Когда это все началось? В Крыму? В Сочи? В Константинополе? Или в Гельсингфорсе, куда он, дурак отправил ее на отдых.
– К лучшему другу, бля!
Он даже сам не заметил, как сказал это вслух. Понял – только тогда, когда увидел, что на него смотрят. Опустил голову – забудут.
Черт… как хочется выпить… Но нельзя.
Интересно, этот ублюдок кому-то разболтал. Может, кто-то из тех, кто сейчас смотрел на него – смотрел со скрытым злорадством: что, мол, получил – модный мужской аксессуар наступающего осеннего сезона?
Ветвистые рога!
Правду говорят, что поздняя любовь – самая крепкая. Не говорят только – насколько крепкая.
Они познакомились в Крыму, и произошло это совершенно случайно. Потом, он долго вспоминал тот день. По условиям трудового контракта с авиакомпанией – он был тогда главным летчиком-инструктором в одной из авиакомпаний страны, его еще не пригласили в ОАЧ – ему полагался двадцатиоднодневный оплачиваемый тур за счет авиакомпании в любой дом отдыха в пределах Российской Империи. На сей раз, он выбрал Крым – в Гельсингфорсе, в шхерах отдыхать и ловить рыбу надоело, в Одессе был слишком много отдыхающих, а в Константинополь с наступлением лета перебирался весь двор, и об отдыхе в этом городе можно было забыть. А Крым – с одной стороны Черное море, недалеко Одесса, куда можно скататься на прогулочном теплоходике, с другой стороны – несмотря на обилие вилл и имений на берегу есть еще места, где не ступала нога человека, есть…

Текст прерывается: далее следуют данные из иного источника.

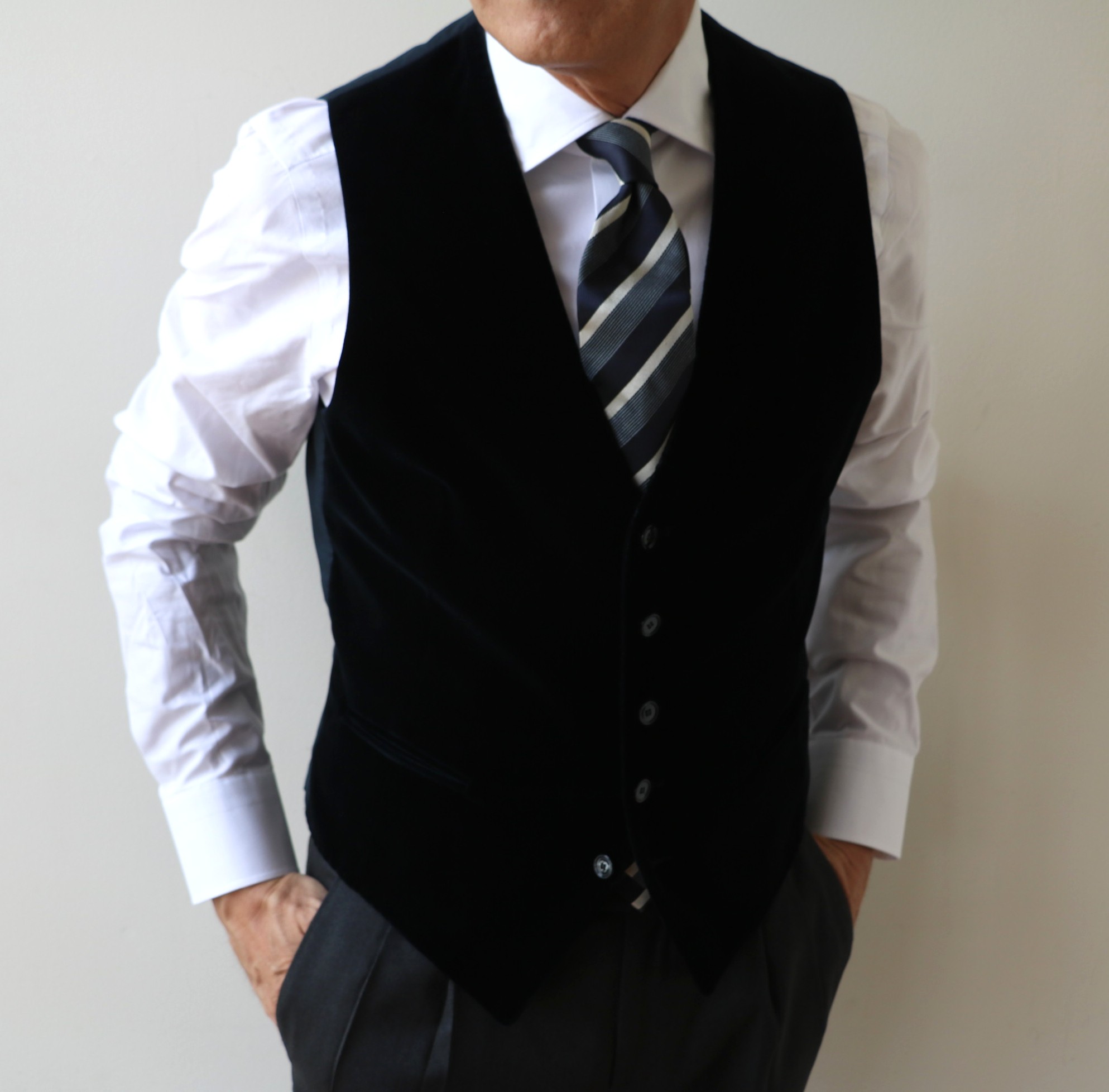 もう少し後でのご案内を考えていたのですが、折角です。ジャケットとパンツをより近づけ、Vゾーンを華やかに演出するジレをご紹介します。【TAGLIATORE/タリアトーレ】のものです。

Тогда он встал в шесть часов утра – проклятая привычка, въевшаяся в кожу еще с армии. Шесть ноль-ноль – подъем! Шесть ноль-ноль – подъем! Санаторий весь спит – а у него подъем, видите ли. Он и заказал себе номер на первом этаже – чтобы никого не беспокоить своими подъемами. Надев старые, разношенные, еще с армейских времен оставшиеся треники, сунув ноги в кеды, он перескочил через перила балкона (ругались, что он затоптал цветы под окном, хоть он и делал это исключительно из благих побуждений, чтобы никого не будить своими подъемами) – и скользящим, волчьим бегом побежал по тропе. Это был его первый день – из двадцати одного.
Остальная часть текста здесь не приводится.